The Van Riebeeck Decoration, post-nominal letters DVR, is a South African military decoration for bravery which was instituted by the Union of South Africa in 1952. It was awarded to officers for distinguished service in the field.

==The South African military==
The Union Defence Forces (UDF) were established in 1912 and renamed the South African Defence Force (SADF) in 1958. On 27 April 1994, it was integrated with six other independent forces into the South African National Defence Force (SANDF).

==Institution==
The Van Riebeeck Decoration, post-nominal letters DVR, was instituted by Queen Elizabeth II on 6 April 1952, during the Tercentenary Van Riebeeck Festival. The logical post-nominal letters would have been VRD, but since those were already being used for the Decoration for Officers of the Royal Naval Volunteer Reserve, which had also been awarded to South Africans, the letters DVR were chosen instead.

==Award criteria==
The Van Riebeeck Decoration was awarded to officers for distinguished service against an enemy in the field. Only two decorations were ever awarded, both in 1972. A silver-gilt bar was authorised to denote a second award, but was never awarded.

== Order of wear ==

With effect from 6 April 1952, when the Van Riebeeck Decoration and several other new decorations and medals were instituted, these new awards took precedence before all earlier British orders, decorations and medals awarded to South Africans, with the exception of the Victoria Cross, which still took precedence before all other awards.
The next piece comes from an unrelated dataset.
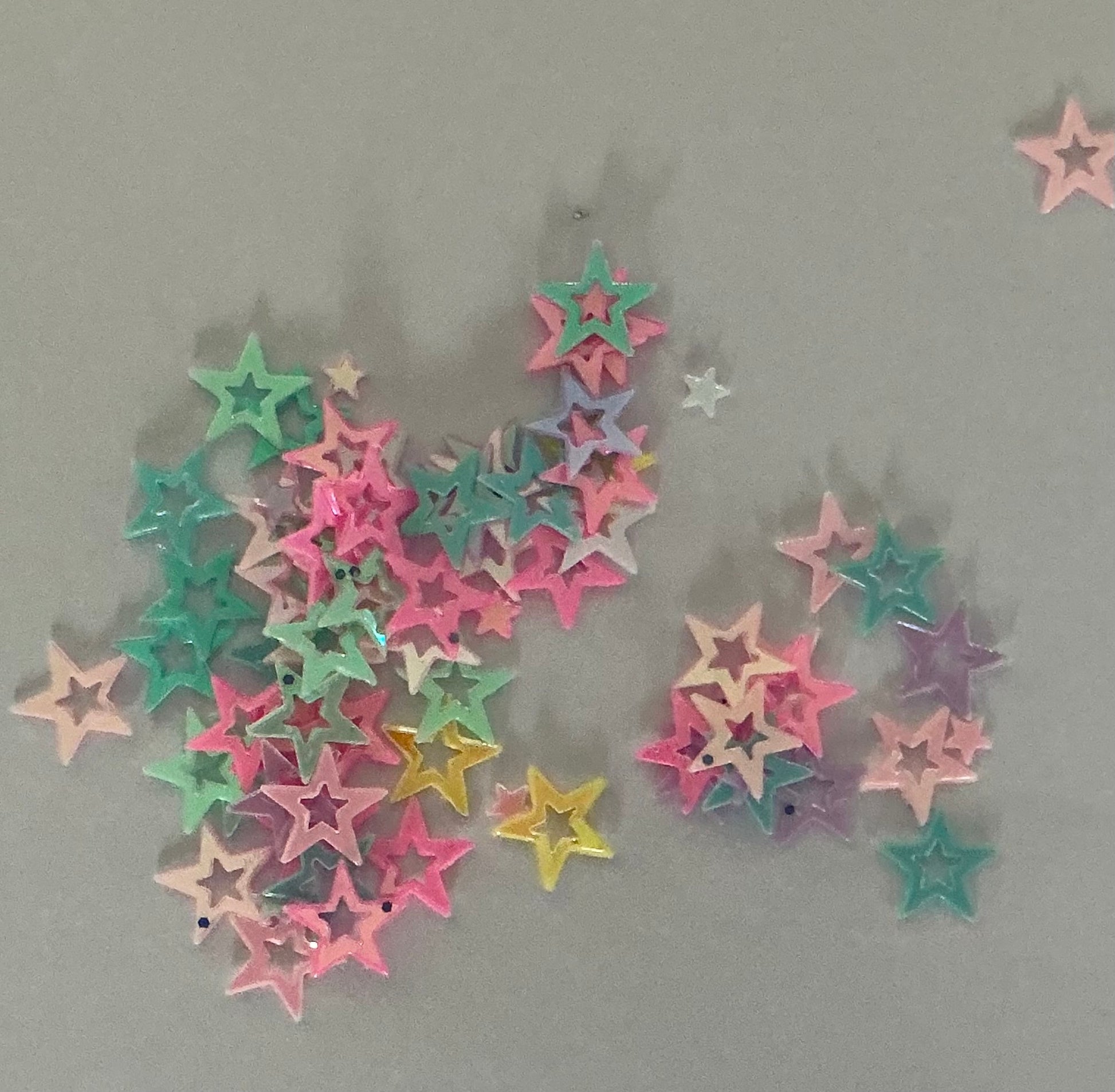 Size: 2.5/5mm Star, 3mm Cloud, 0.2/0.3/0.4/1/2.5mm star ⭐ mix (thickness: 16-50um)

The other older British awards continued to be worn in the order prescribed by the British Central Chancery of the Orders of Knighthood.

The position of the Van Riebeeck Decoration in the official order of precedence was revised twice after 1975, to accommodate the inclusion or institution of new decorations and medals, first with the integration into the South African National Defence Force on 27 April 1994, and again with the institution of a new set of awards on 27 April 2003.

- South African Defence Force until 26 April 1994

- Official SADF order of precedence:
  - Preceded by the Honoris Crux Silver (HCS).
  - Succeeded by the Honoris Crux (1975) (HC).
- Official national order of precedence:
  - Preceded by the Honoris Crux Silver (HCS).
  - Succeeded by the South African Police Cross for Bravery, Silver (PCFS).

- South African National Defence Force from 27 April 1994

- Official SANDF order of precedence:
  - Preceded by the Honoris Crux Silver (HCS) of the Republic of South Africa.
  - Succeeded by the Honoris Crux (1975) (HC) of the Republic of South Africa.
- Official national order of precedence:
  - Preceded by the Honoris Crux Silver (HCS) of the Republic of South Africa.
  - Succeeded by the South African Police Silver Cross for Gallantry (SCG) of the Republic of South Africa.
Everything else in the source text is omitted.